Fuel fails to offer mdXXX devices as install option

Bug #1617071 reported by MercSniper on 2016-08-25
8
This bug affects 1 person
Affects Status Importance Assigned to Milestone
Fuel for OpenStack
High
Alexander Gordeev
8.0.x
High
MOS Maintenance
Mitaka
High
Rodion Tikunov

Bug Description

Detailed bug description:
 Attempting to install "os" group on to a mdXXX is impossible as fuel fails to present the raid device as an option to install, but detects and presents the individual drives as options.
Steps to reproduce:
 Configure RAID1 with Intel BIOS on slave.
 Boot slave to Fuel 9 Master instance
 Attempt Configure Disk (compute/storage/controller)
Expected results:
 Device MDXXX is presented as an option
Actual result:
 Bare drives are presented
Reproducibility:
 Every time
Workaround:
 N/A
Impact:
 inability to utilize RAID 1 functionality for boot drives presents a risk to the system failing and not recognizing the ceph volumes. Rebuilding of CEPH volumes introduces a risk to a highly available system.
Description of the environment:
 Operation system: Ubuntu 14.04.5
 Versions of components: Fuel 9.0
 Reference architecture: X86
 Network model: N/A
 Related projects installed: Fuel

Changed in fuel:
assignee: nobody → Fuel Sustaining (fuel-sustaining-team)
tags: added: feature
Changed in fuel:
importance: Undecided → High
status: New → Confirmed
importance: High → Medium
milestone: none → 10.0
tags: added: area-python
Alexander Gordeev (a-gordeev) wrote :

Hello,

@MercSniper, could you attach some log files?

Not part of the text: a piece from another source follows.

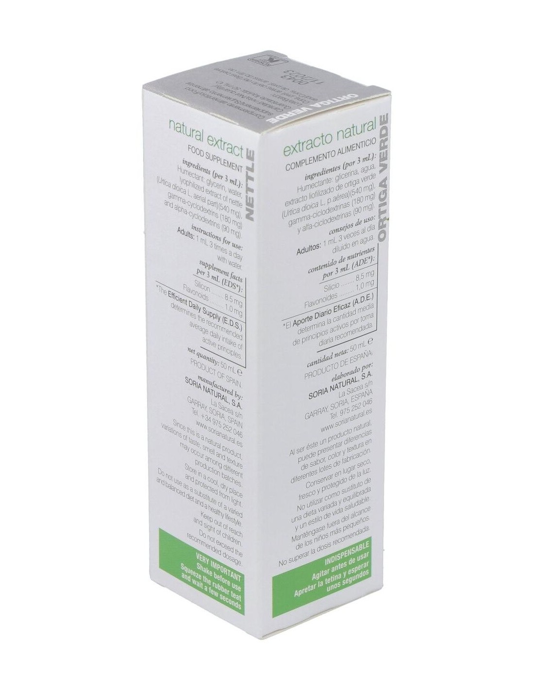 SORIA NATURALEste extracto de ortiga verde tiene como propiedades el ser antihemorrágica (corta hemorragias), remineralizante, diurética, antidiabética, antirreumá

at least, remote nailgun-agent.log (or just agent.log) and fuel-agent.log log files from the nodes both are necessary. You can find them under /var/log/remote/<node-id>/bootstrap/ directory on fuel-master node.

In addition, i'd like to request outputs from any of node with configured RAID1:

1) $ cat /proc/mdstat

and then the output from
2) $ mdadm -D <for each device from /proc/mdstat>

Right now the bug report is incomplete, therefore we can't proceed further with RCA investigation.

Alexander Gordeev (a-gordeev) wrote :

Moving to Incomplete, waiting for the information from the reporter.

@MercSniper, feel free to assign the bug back to me, once you're done with logs.

Changed in fuel:
status: Confirmed → Incomplete
importance: Medium → High
assignee: Fuel Sustaining (fuel-sustaining-team) → MercSniper (mercsniper)
Alexander Gordeev (a-gordeev) wrote :

Raised to High just because it really affects the deployment and fuel is capable of dealing with such RAID1 arrays. So, the major feature may be broken. And there's no workaround so far

MercSniper (mercsniper) wrote :
MercSniper (mercsniper) wrote :

root@bootstrap:/var/log# cat /proc/mdstat
Personalities : [linear] [multipath] [raid0] [raid1] [raid6] [raid5] [raid4] [raid10]
md126 : active (auto-read-only) raid1 sda[1] sdb[0]
      74235904 blocks super external:/md127/0 [2/2] [UU]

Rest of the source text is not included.